Collected material ->
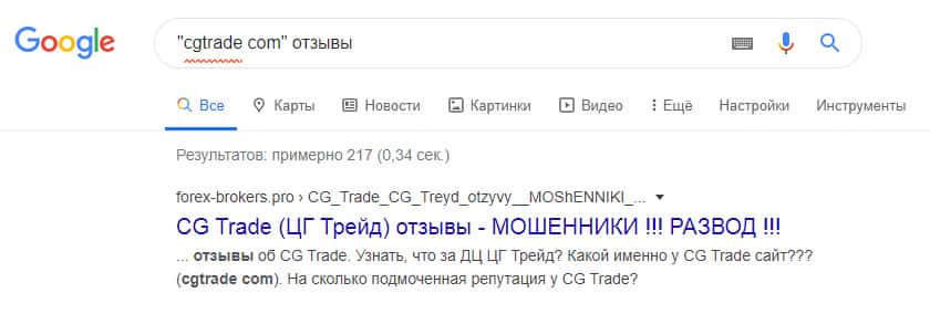 Как оказалось мошенники ЦГ Трейд так толком и не смогли привлечь пользователей сети интернет в свою помойку, в связи с чем аферисты CG Trade не пользуются никакой популярностью на просторах сети интернет и у обычных пользователей сети. На изображении ниже вы можете наглядно увидеть результаты поиска информации о шулерах.
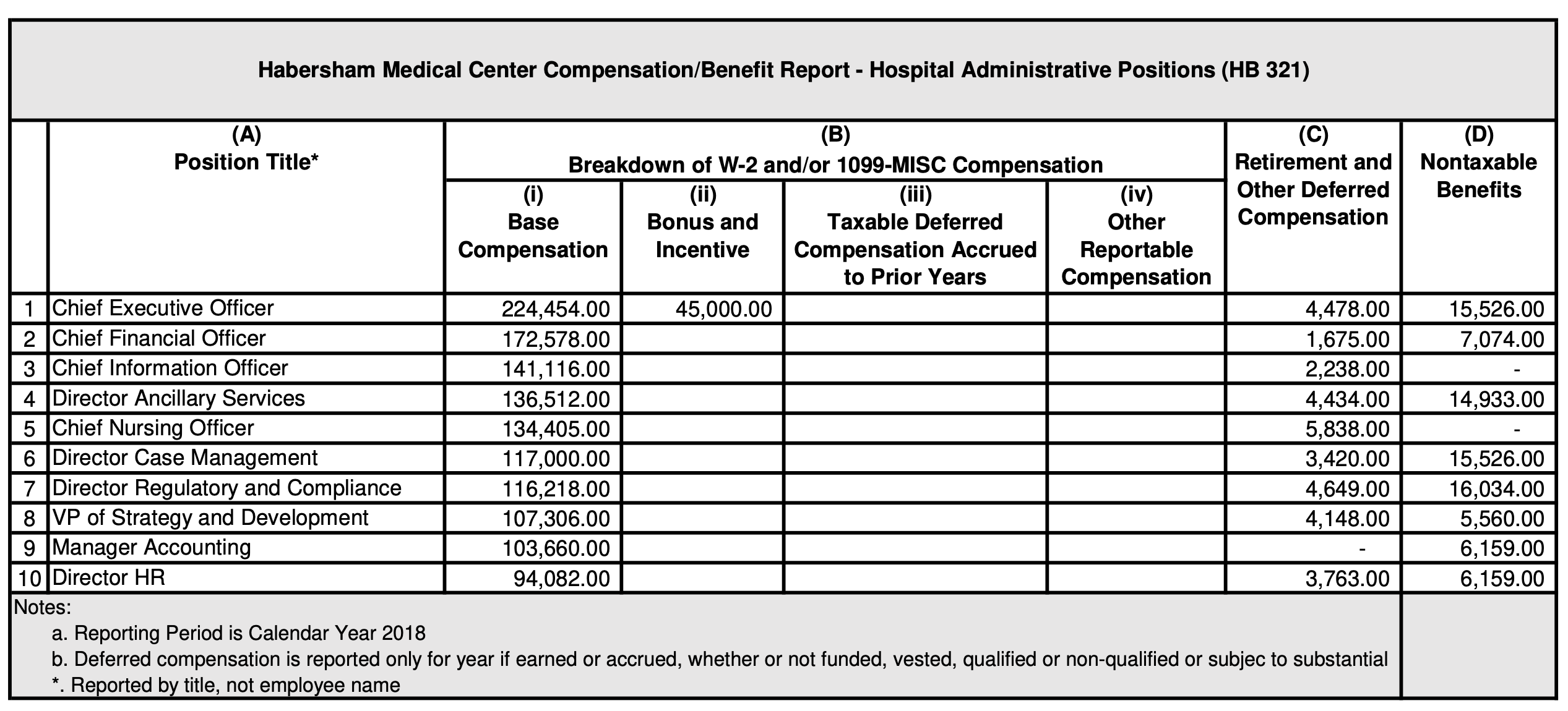 An online search of HMC’s financial records shows that in 2018, salaries for the hospital’s top ten administrative positions amounted to over $1.3 million.
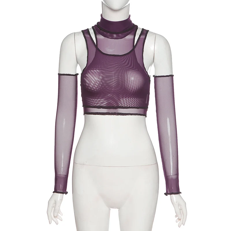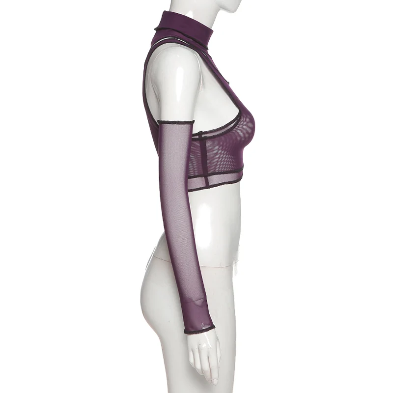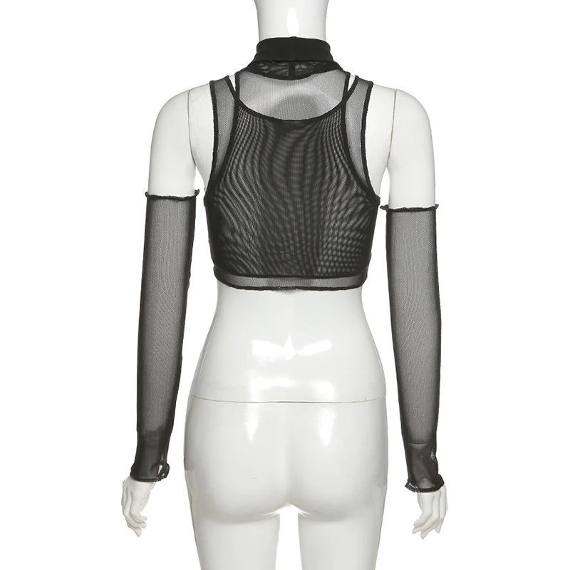 Клубная сетчатая майка без рукавов, женская модная уличная Стильная однотонная укороченная футболка с открытыми плечами

Exercise -> Beginning with the line where "An online search" appears, reproduce every remaining line of the listing above, the last one included, but none of the pictures.

Finished task ->
 An online search of HMC’s financial records shows that in 2018, salaries for the hospital’s top ten administrative positions amounted to over $1.3 million.
 Клубная сетчатая майка без рукавов, женская модная уличная Стильная однотонная укороченная футболка с открытыми плечами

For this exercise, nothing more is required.